Llama 4 just dropped — and it runs on a laptop¶

Meta has released Llama 4, and the big story isn't just the benchmark numbers — it's that the 8B model runs smoothly on consumer laptops with minimal quantization.

The numbers¶

We ran Llama 4 8B (Q4_K_M quantization) on a MacBook Pro M3 Pro (18GB) via Ollama and llama.cpp. Here's what we got:

Metric	Llama 4 8B	Llama 3.1 8B	Improvement
Tokens/sec (prompt)	112	98	+14%
Tokens/sec (generation)	48	42	+14%
MMLU-Pro	68.2	62.5	+5.7
HumanEval	81.4	76.1	+5.3
GSM8K	84.9	79.3	+5.6

What's new¶

Mixture-of-Experts (MoE) architecture: The 8B model uses 2B active parameters per token, dramatically reducing inference cost
128K context window: Long-context support out of the box
Multimodal: Accepts image inputs natively (vision encoder included)
Apache 2.0 license: Truly open, no restrictions

Getting started¶

# Pull with Ollama
ollama pull llama4:8b

# Or with llama.cpp
wget https://huggingface.co/meta-llama/Llama-4-8B-Instruct-GGUF/resolve/main/llama-4-8b-q4_k_m.gguf
./llama-cli -m llama-4-8b-q4_k_m.gguf -p "Explain transformer attention"

The catch¶

The 70B model needs 32GB+ VRAM even at Q4. The MoE architecture helps with speed but the full weights still need to be loaded.

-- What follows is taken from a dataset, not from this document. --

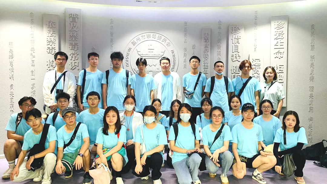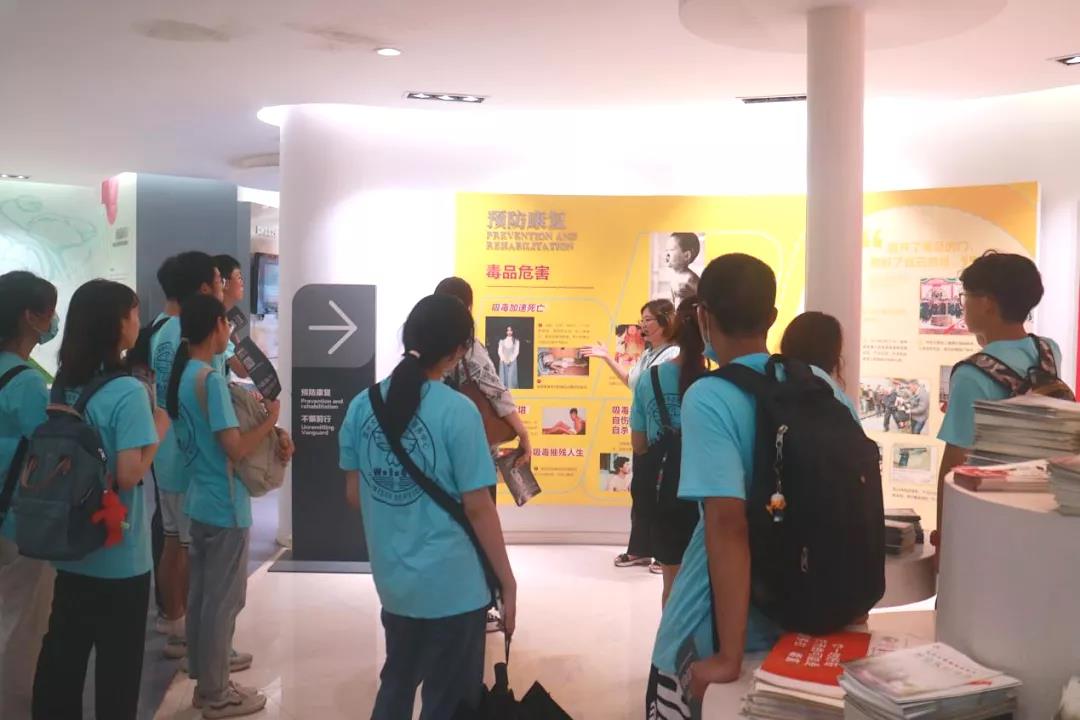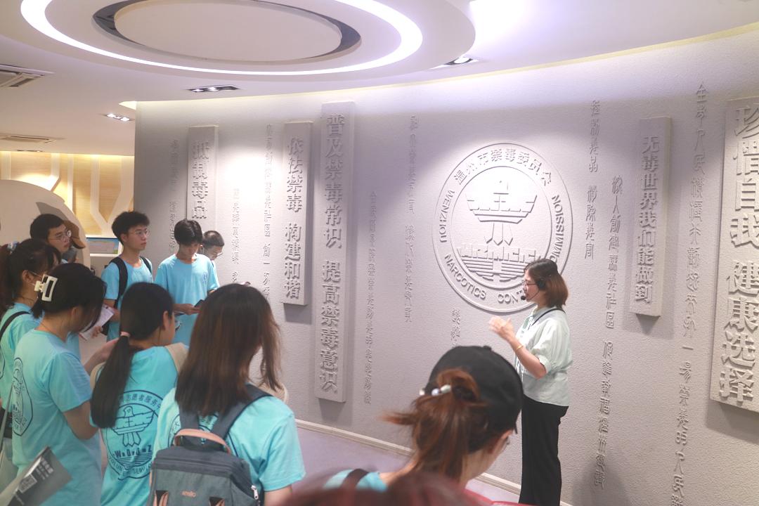 在参观禁毒教育基地时,温州市禁毒教育基地讲解员吴晓燕老师带领万象城手机网页版登录入口“无毒青春”暑期社会实践队26名大学生先后了解世界毒品态势、中国禁毒简史等禁毒知识。

For local developers, 8B is the sweet spot — and it's remarkably capable.

Bottom line¶

Llama 4 8B is the best open model you can run on a laptop right now. Period. The combination of MoE efficiency, 128K context, and native multimodal support makes it the new default for local LLM development.